Yolo (all versions) Real Time Object Detector in tensorflow 2.x

. Report Bug · Request Feature

TODO

  • Transfer learning
  • YoloV4 configuration
  • YoloV4 training
  • YoloV4 loss function adjustments.
  • Live plot losses
  • Command line options
  • YoloV3 tiny
  • Rasberry Pi support

Table of Contents

GitHub Logo

Getting started

Installation

pip install git+https://github.com/unsignedrant/yolo-tf2

Verify installation

% yolotf2
Yolo-tf2 1.0

Usage:
	yolotf2 <command> [options] [args]

Available commands:
	train      Create new or use existing dataset and train a model
	detect     Detect a folder of images or a video

Use yolotf2 <command> -h to see more info about a command

Use yolotf2 -h to display all command line options

Description

yolo-tf2 was initially an implementation of yolov3 (you only look once)(training & inference) and support for all yolo versions was added in db2f889. Yolo is a state-of-the-art, real-time object detection system that is extremely fast and accurate. The official repo is here. There are many implementations that support tensorflow, only a few that support tensorflow v2 and as I did not find versions that suit my needs so, I decided to create this version which is very flexible and customizable.
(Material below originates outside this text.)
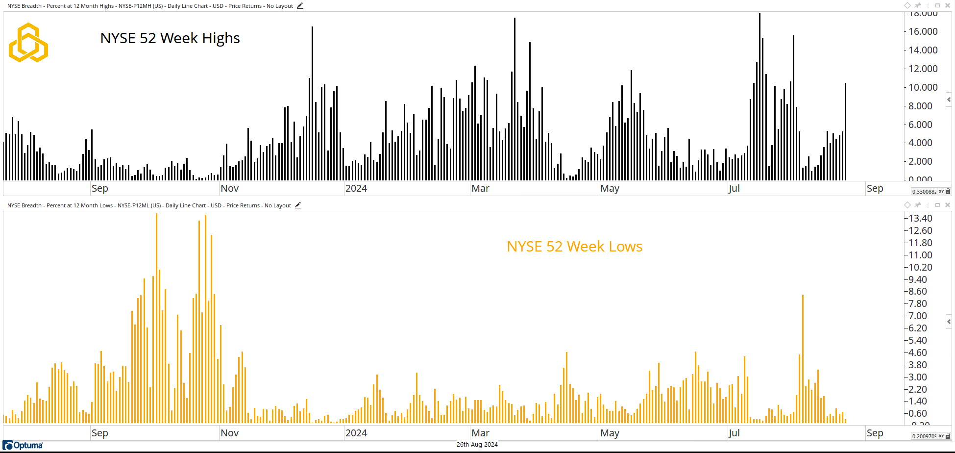 We continue to see more new highs than new lows on the New York Stock Exchange. One would imagine that a hard landing would involve a decline in equity prices. It is hard to have a sustained decline without a lasting increase in new lows / decrease in new highs.

It requires python 3.10+, is not platform specific and is MIT licensed.

Features

Command line options

General options

flags help required default
--anchors Path to anchors .txt file True -
--batch-size Training/detection batch size - 8
--classes Path to classes .txt file True -
--input-shape Input shape ex: (m, m, c) - (416, 416, 3)
--iou-threshold iou (intersection over union) threshold - 0.5
--masks Path to masks .txt file True -
--max-boxes Maximum boxes per image - 100
--model-cfg Yolo DarkNet configuration .cfg file True -
--quiet If specified, verbosity is set to False - -
--score-threshold Confidence score threshold - 0.5
--v4 If yolov4 configuration is used, this should be specified - -

Training options

flags help default
--dataset-name Checkpoint/dataset prefix -
--delete-images If specified, dataset images will be deleted upon being saved to tfrecord. -
--epochs Number of training epochs 100
--es-patience Early stopping patience -
--image-dir Path to folder containing images referenced by .xml labels -
--labeled-examples Path to labels .csv file -
--learning-rate Training learning rate 0.001
--output-dir Path to folder where training dataset / checkpoints / other data will be saved .
--shuffle-buffer-size Dataset shuffle buffer 512
--train-shards Total number of .tfrecord files to split training dataset into 1
--train-tfrecord Path to training .tfrecord file -
--valid-frac Validation dataset fraction 0.1
--valid-shards Total number of .tfrecord files to split validation dataset into 1
--valid-tfrecord Path to validation .tfrecord file -
--weights Path to trained weights .tf or .weights file -
--xml-dir Path to folder containing .xml labels in VOC format -

Detection options

flags help required default
--codec Codec to use for predicting videos - mp4v
--display-vid Display video during detection - -
--evaluation-examples Path to .csv file with ground truth for evaluation of the trained model and mAP score calculation. - -
--image-dir A directory that contains images to predict - -
--images Paths of images to detect - -
--output-dir Path to directory for saving results - -
--video Path to video to predict - -
--weights Path to trained weights .tf or .weights file True -

Conversion from DarkNet .cfg files to keras models

This feature was introduced to replace the old hard-coded model. Models are loaded directly from DarkNet .cfg files for convenience.

All yolo versions are supported

As of db2f889 DarkNet .cfg files are automatically converted to keras models.

tensorflow 2.x

The current code leverages features that were introduced in tensorflow 2.x including keras models, tfrecord datasets, etc...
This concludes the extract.